* RECORDED DATA
◇ ◇ ◇ ◇ ◇

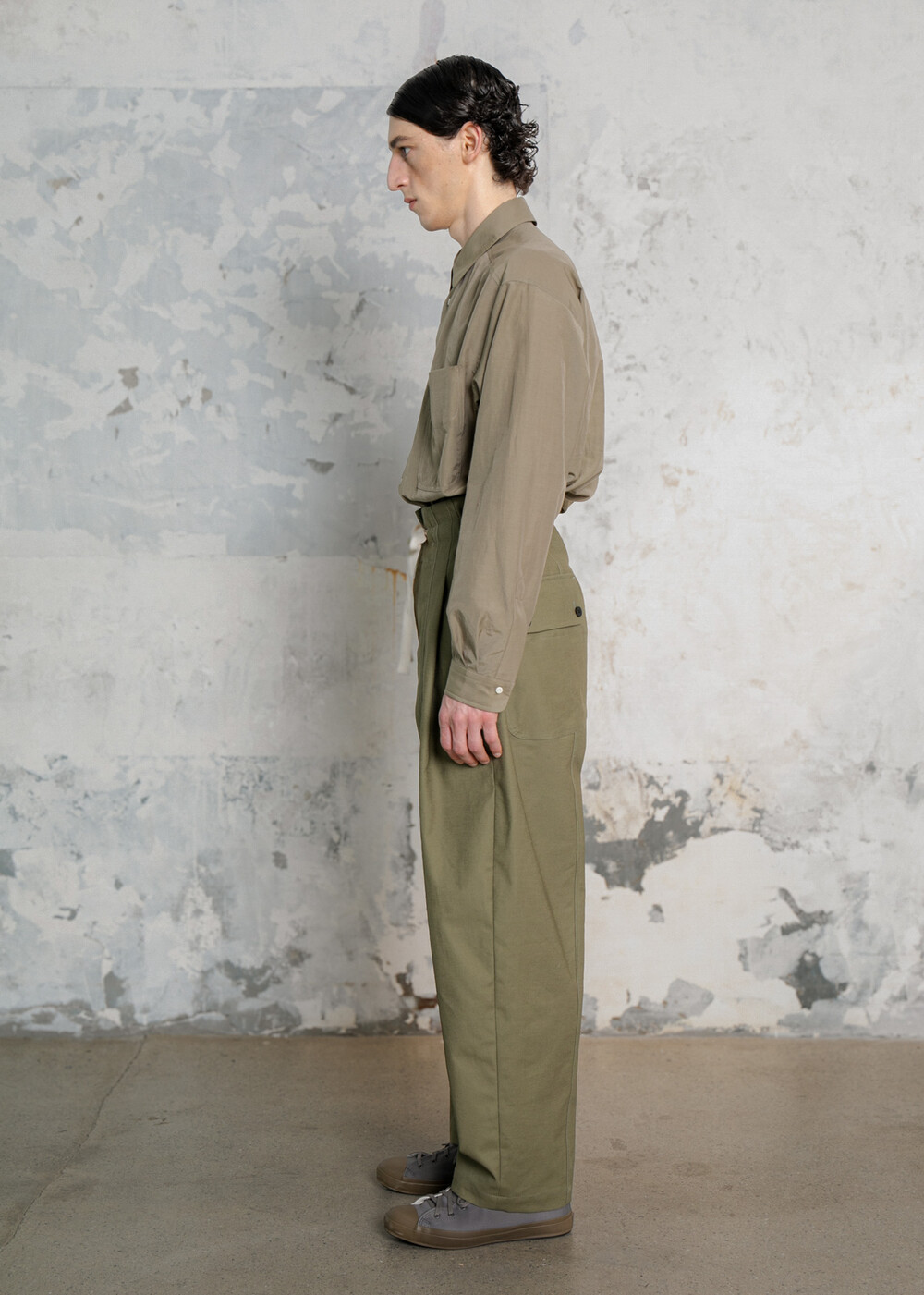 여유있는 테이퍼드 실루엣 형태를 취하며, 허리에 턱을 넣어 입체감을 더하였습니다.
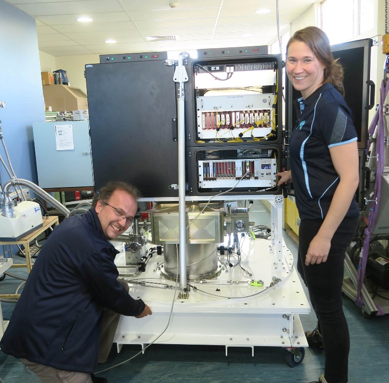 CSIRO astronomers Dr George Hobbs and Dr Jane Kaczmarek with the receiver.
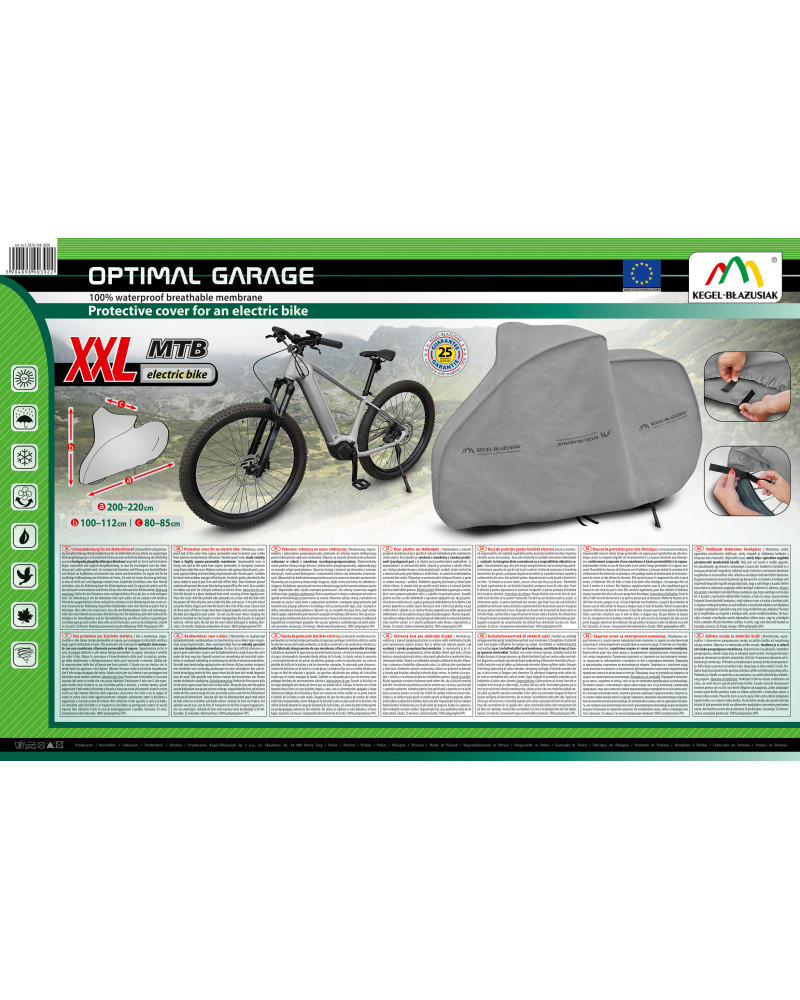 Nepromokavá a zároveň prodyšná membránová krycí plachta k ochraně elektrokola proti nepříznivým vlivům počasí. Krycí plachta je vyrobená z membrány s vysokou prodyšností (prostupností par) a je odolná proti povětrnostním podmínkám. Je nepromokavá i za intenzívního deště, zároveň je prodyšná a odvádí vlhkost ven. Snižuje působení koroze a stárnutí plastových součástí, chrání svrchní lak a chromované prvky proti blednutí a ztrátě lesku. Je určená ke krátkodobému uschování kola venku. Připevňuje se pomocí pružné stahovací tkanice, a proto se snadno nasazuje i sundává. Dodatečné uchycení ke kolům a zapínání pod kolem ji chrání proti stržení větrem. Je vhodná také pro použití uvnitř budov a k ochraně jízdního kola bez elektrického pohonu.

◇ ◇ ◇ ◇ ◇

* HOW TO COMPLETE THIS TASK
Find the line with "CSIRO astronomers Dr" in the listing above, then write it out along with every later line through the last one, exactly, omitting pictures.

* REPLY TO THE EXERCISE
 CSIRO astronomers Dr George Hobbs and Dr Jane Kaczmarek with the receiver.
 Nepromokavá a zároveň prodyšná membránová krycí plachta k ochraně elektrokola proti nepříznivým vlivům počasí. Krycí plachta je vyrobená z membrány s vysokou prodyšností (prostupností par) a je odolná proti povětrnostním podmínkám. Je nepromokavá i za intenzívního deště, zároveň je prodyšná a odvádí vlhkost ven. Snižuje působení koroze a stárnutí plastových součástí, chrání svrchní lak a chromované prvky proti blednutí a ztrátě lesku. Je určená ke krátkodobému uschování kola venku. Připevňuje se pomocí pružné stahovací tkanice, a proto se snadno nasazuje i sundává. Dodatečné uchycení ke kolům a zapínání pod kolem ji chrání proti stržení větrem. Je vhodná také pro použití uvnitř budov a k ochraně jízdního kola bez elektrického pohonu.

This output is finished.